Desde hace ya unas décadas, hacia fines del siglo XX, fue estableciéndose como una táctica militar un tipo amplio y difuso de acciones al que se le ha dado el impreciso nombre de “terrorismo”. Quienes otorgan ese nombre tienen una idea determinada de lo que entienden por él; pero quienes lo reciben en realidad jamás se autodefinen como “terroristas”. De hecho, el autor de estas líneas aparece mencionado en un listado de la Fundación contra el Terrorismo en la república de Guatemala, pudiendo afirmar que yo no me considero para nada un terrorista. ¿Lo seré sin saberlo? ¿En qué consiste exactamente ser un terrorista?
Por Marcelo Colussi
mmcolussi@gmail.com
https://www.facebook.com/marcelo.m.colussi
Si bien
puede haber grandes diferencias entre los que así son designados, nadie que
reciba ese mote se reconoce -mucho menos se ufana de ser- “señor del terror”
sino, en todo caso, luchador social. Con lo que vemos que es muy difuso el
término, equívoco, hasta incluso engañoso. En verdad ¿quién es “terrorista”?
¿Qué significa con precisión ser un “terrorista”?
Siendo
estrictos, no hay una definición unívoca del término. En todo caso, puede
advertirse desde el inicio que su nombre mismo ya presenta una carga negativa:
evoca el terror. Un acto terrorista, por tanto, más que significado político
-según la lógica con que usualmente se usa en Occidente- es sinónimo de
“salvajismo”, comportando un mensaje ético, emotivo, más cercano a lo visceral
que a la conceptualización racional. Carga que no tiene, por ejemplo, la llamada
guerra convencional. Quien mata en guerra es un héroe. Ninguna bomba inteligente
de alta tecnología es asesina, es terrorista, pero sí lo son, por ejemplo,
quienes resisten a la ocupación estadounidense en Irak. O, según las nuevas
leyes antiterroristas que vamos viendo por diversos países latinoamericanos,
quienes se oponen a las industrias extractivas de capitales globales (minería,
explotación petrolera o gasífera), o quienes simplemente alzan su voz como
protesta por la carestía de la vida. ¿Tiene sentido eso, o se trata sólo de un
discurso de dominación, un ejercicio de poder? En el Manual de Entrenamiento
Militar de la Escuela de las Américas de Estados Unidos puede leerse como una
sana recomendación para sus alumnos, por ejemplo: “aplicar torturas, chantaje,
extorsión y pago de recompensa por enemigos muertos”. ¿Eso es guerra limpia o terrorismo? Más aún: ¿es posible que haya guerra limpia? El terrorismo, ¿en qué categoría entra?

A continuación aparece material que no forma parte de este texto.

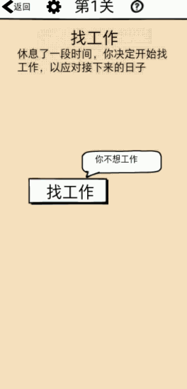 进入第一关,手谈姬就被这选项给整傻了。关卡要求去找工作,但点击“找工作”的选项后,选项却跑到了另一个地方,似乎在逃避着不想工作一样。
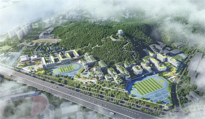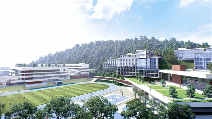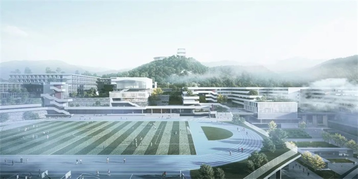 本校园依山而建,将山景与自然融入校园与教学之中,设计利用山地环境的丰富性,强调建筑与环境的融合与对话,形成了丰富的山地自然与人文规划空间效果, 设计理念以山为图底,校园的规划与设计与山地背景融合,成为一副优美的现代建筑山水画卷。

Pero entonces, en definitiva: ¿qué es el terrorismo? ¿Hay alguna definición seria al respecto? De hecho se han aportado varias, pero los mismos ideólogos que debaten sobre sus propiedades no terminan de encontrar una versión convincente. El Departamento de Estado de los Estados Unidos de América en uno de sus Informes anuales sobre “Tendencias del Terrorismo Mundial”, antes de definirlo siquiera comienza diciendo que “la maldad del terrorismo siguió azotando al mundo este año, desde Bali hasta Grozny y hasta Mombasa. Al mismo tiempo, se libró intensamente la guerra mundial contra la amenaza terrorista en todas las regiones, con resultados alentadores”, con lo que, ante todo, se parte de una valoración: el terrorismo es intrínsecamente “malo”. Acto seguido lo caracteriza diciendo que “se constituye, tanto en el ámbito interno como en el mundial, en una vía abierta a todo acto violento, degradante e intimidatorio, y aplicado sin reserva o preocupación moral alguna”.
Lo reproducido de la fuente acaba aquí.